Revolution as Ego Trip

Hollywood is an industry, of course, but it comes across more as a televised group therapy session, sustained by the media’s appetite for glimpses into the “inner life” of the calculatedly superficial. In this spirit, I’ve strung together some tales gathered from biographies of Warren Beatty and added some commentary. I hope to contextualize Reds on the 30th anniversary of its release by considering it in light of the concepts that define both the story itself and the man who made it: myth, history, celebrity, biography, politics, commodity, publicity, career. I argue that Reds is not the movie it sees itself as, nor that it could be; it is so closely bound to its creator that it cannot succeed in connecting us to the past.

First, a tiny but telling story about Beatty himself, the man who conceived of, produced, co-wrote, directed and starred in Reds, and who also persuaded his celebrity friends and acquaintances into taking cameo parts, thus giving genuine importance to the incident known as the Russian Revolution. This anecdote, from Suzanne Finstad’s Warren Beatty: A Private Man, concerns the making of Beatty’s first movie, the 1961 Elia Kazan-directed picture, Splendor in the Grass, with Natalie Wood:

Others viewed Beatty’s attention to detail with respect to his looks as sheer vanity. Donald Kranze, one of the crew who disliked him during Splendor, considered Beatty “six feet of pure ego.” Kranze once observed Beatty “in front of a mirror, a set stage … he’s got a straight pin, right? He’s putting that pin into each eyelash and separating them, and moving them forward.”
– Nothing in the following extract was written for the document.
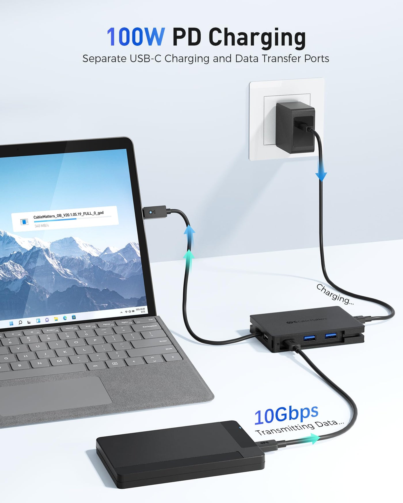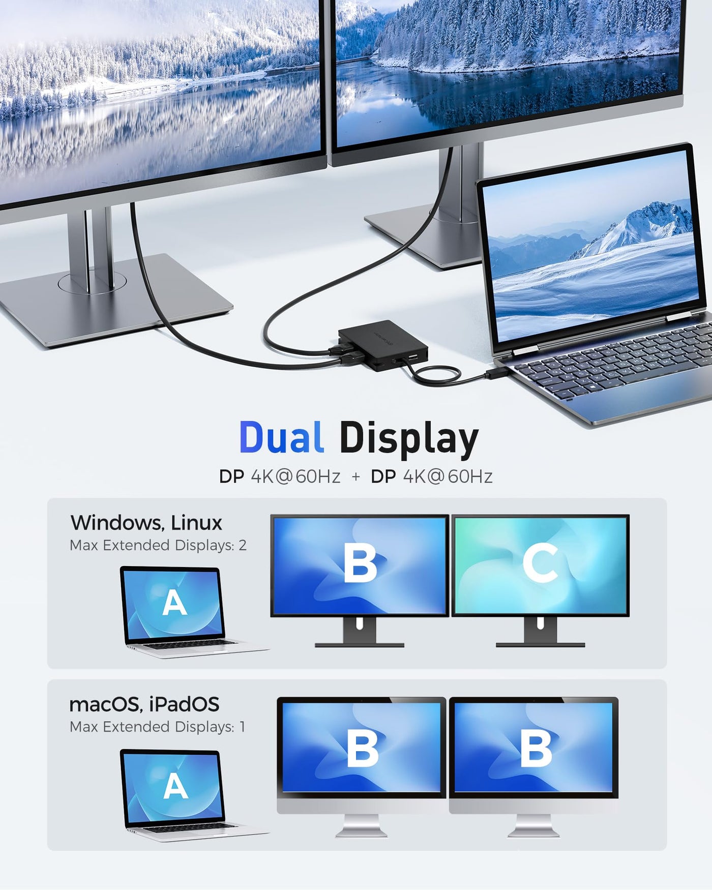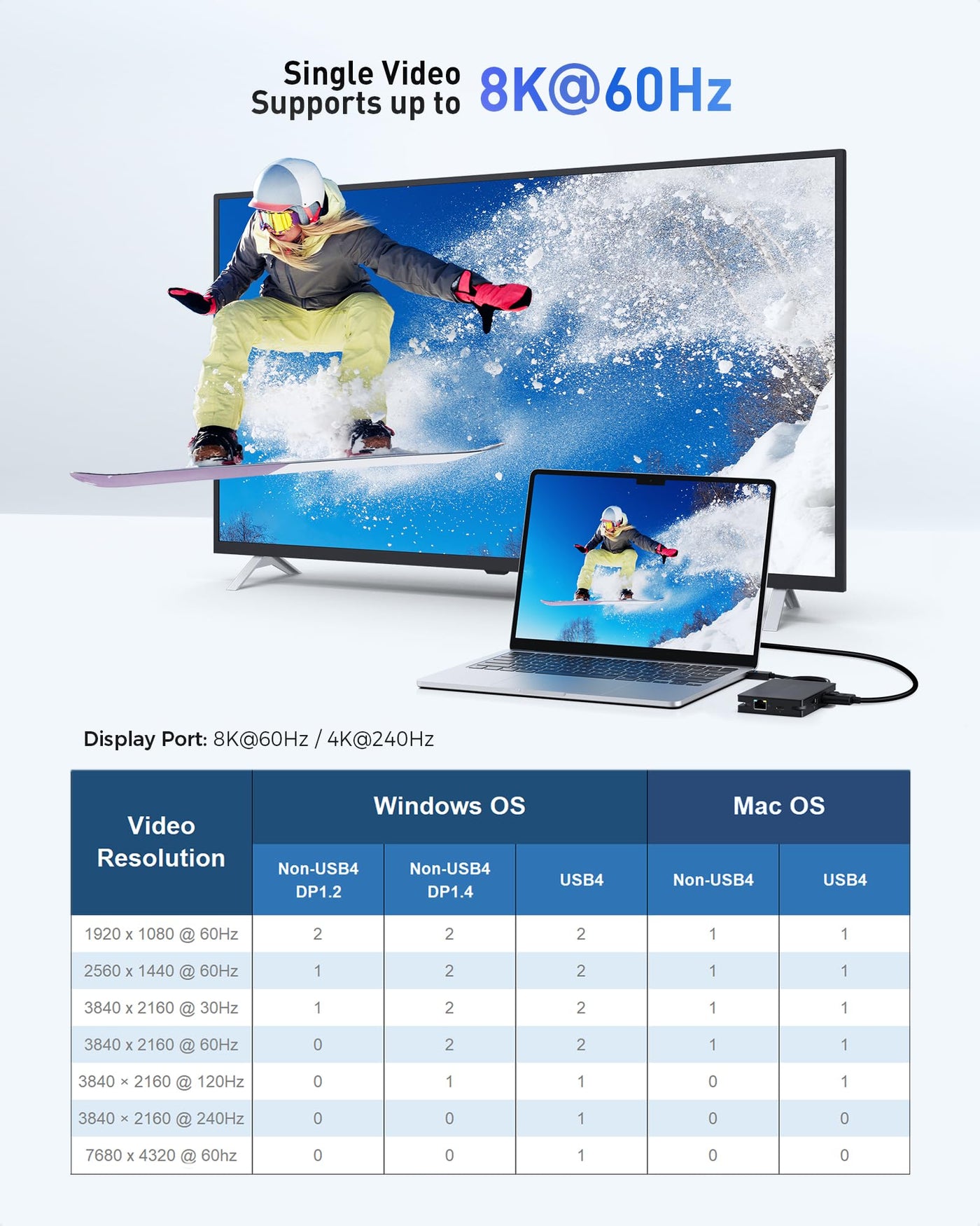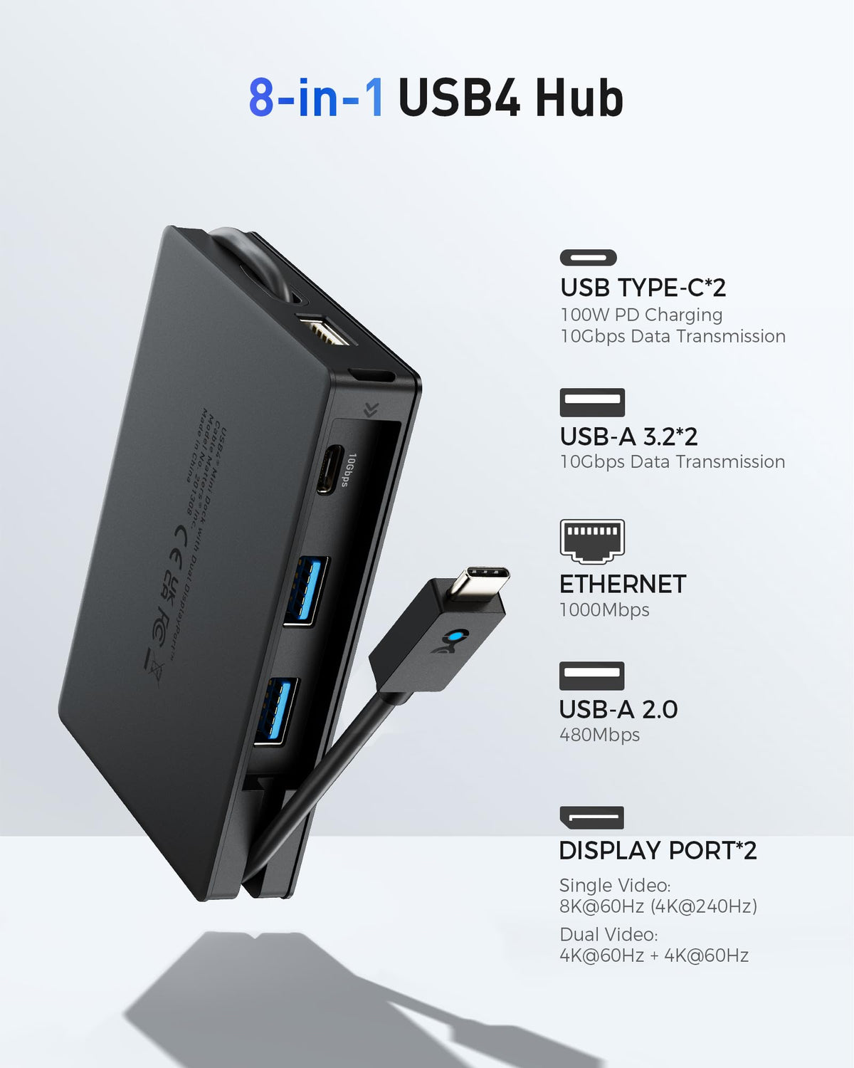 Cable Matters 8 in 1 Portable 40Gbps USB4 Hub (USB 4 Dock) Dual DisplayPort 4K@60Hz, Single DP 4K@240Hz/8K@60Hz, 100W PD, Gigabit Ethernet, Compatible with Thunderbolt 4 (*macOS's Display Limitation)

The crew didn’t like him … they gave him a name. It was “Mental Anguish.” When he’d come on the set, it was, “Here comes Mental Anguish.” Then it was shortened to M.A. Natalie did it, too.

Based on this account and myriad others, we would seem to be talking about a prima donna, about that variety of actor who relishes driving the director crazy with questions about emotion and motivation. An actor whose difficulty on the set is itself a carefully calibrated performance designed to communicate his uniqueness and importance and sensitivity and intelligence – not just to cast and crew, but to the world at large, as conveyed by Hollywood’s powerful publicity apparatus.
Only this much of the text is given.